Two guardians at work, protecting a Gamelan practice in the village temple of ubud: one furball on the stage, the other near the street.

Driving through a town the afternoon before Galungan, decorations adorning the street.

Walking into Ubud on the morning of Galungan, everywhere people were preparing offerings for their entryways, homes, temples, and shops.

The decorations in one of inumerable family compounds, focused on the family temple before Galungan.

The Ogoh-ogoh, focus of Galangan (as far as I can tell), two days before Nyepi.

Friday, March 18, 2005

Hush, children, what's that sound?

Sunrise on Niepi. The jungle nocturne transforms. Many roosters join the orchestra a couple of hours before the light, and now there are hundreds singing together in an endless round. The dogs join in, but there is no human sound. I have yet to hear a motorcycle. Fish’re jumpin’ in the joglo moat… Suddenly an amplified voice, probably a priest or village leader, gives what must be a “start your engines…now shut up!” speech – disturbing but perhaps a necessary reminder at sunrise… One or two farmers work the rice fields: perhaps they are not Hindi? Or perhaps they are hungry. I’ve read a volume of Balinese short stories full of tales of the conflict between tourism and traditional life. Full of stories of rice farmers hanging themselves in their rice fields the night before Niepi after the local governor has requisitioned the family paddies for a tourist development like the resort with infinity pool in which I’ve been swimming. Oh well. So much for the dream of Paradise. Today I watch the flowers grow and insects fly around the garden. Yellows and reds punctuate the green… The butterflies are huge… and the gekkos love them as breakfast. There’s a three-inch long red green and yellow polka-dotted winged being involved in some kind of erotically charged ritual with a long green plant in my open-air bathroom. The bug has black legs that unfold, rotate, and invert like Alien. On a jungle trek a day later I see the same species with different colors –- perhaps they have closets full of interchangeable outfits.

It's New Year's Day again, Niepi, the silent day, and from what I understand, these two shouldn't be toiling in their fields because it attracts the evil spirits, and Silent Day is supposed to guarantee Bali's people a day free of those spirits... but what do I know?

And now one of them rests silently...

Do you see the rice paddies cut out of the jungle?
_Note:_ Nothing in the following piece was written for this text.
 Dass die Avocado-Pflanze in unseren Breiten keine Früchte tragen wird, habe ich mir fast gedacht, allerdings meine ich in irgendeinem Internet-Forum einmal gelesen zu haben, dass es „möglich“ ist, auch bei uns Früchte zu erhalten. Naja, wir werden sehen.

Would you like some more red?

The aforementioned bathroom bug...

Called the Bird of Paradise

Run through the jungle

Tuesday, three days before, we drive along winding backroads through several jungle towns coming back from visits to a volcanic lake and the northern coast via breathtaking mountain lakes and views. These towns differ from those I saw on Java last month in that most of the homes of these people, artisans and farmers with precious little income, look lovely. Most importantly, they seem to have been built in dialogue with the environs… most of these places appear to emerge from and bleed back into the jungle all around. Javanese homes of similar means showed much less taste and awareness of where they stood. Of course we observe these towns in the midst of communal holiday decorating, but the drive is a deeply moving experience for all of us. At sunset we pass one temple filled with villagers in brightly-colored tops and sarongs awaiting a little space at the large square altar area to deposit their offerings, often a 2-foot-tall sliced fruit arrangement in a woven basket atop their heads. Families take most of the offering back home again after the ceremony. The rest is left for the spirits… and the guardians.
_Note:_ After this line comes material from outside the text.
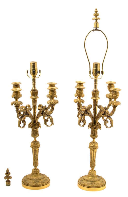 A Pair of Louis XV Style Gilt Bronze Four-Light Candelabra

The clouds and rain and smoke put on a heckuva show here -- that's Mt. Batur, still steaming (you can just see the smoke at the left of the crater), its town below it, and the lake filling the old extinct crater. Question: the black is lava flow of the past thirty years. Why would anyone live that close to an active volcano?

This and the next one are the prize photos, I think. The peaks of three volcanoes in the back there.

One of two adjoining lakes at Munduk Nature Reserve, which offers a four hour hike through the only undeveloped part of this island. Means no trash.

These villagers near the north coast beach hub Lovina are heading to the sea with offerings and effigies of spirts to be blessed and washed clean.

It's possible, I suppose, but I don't think these farmers ever take for granted the beauty that surrounds them. I know I can't.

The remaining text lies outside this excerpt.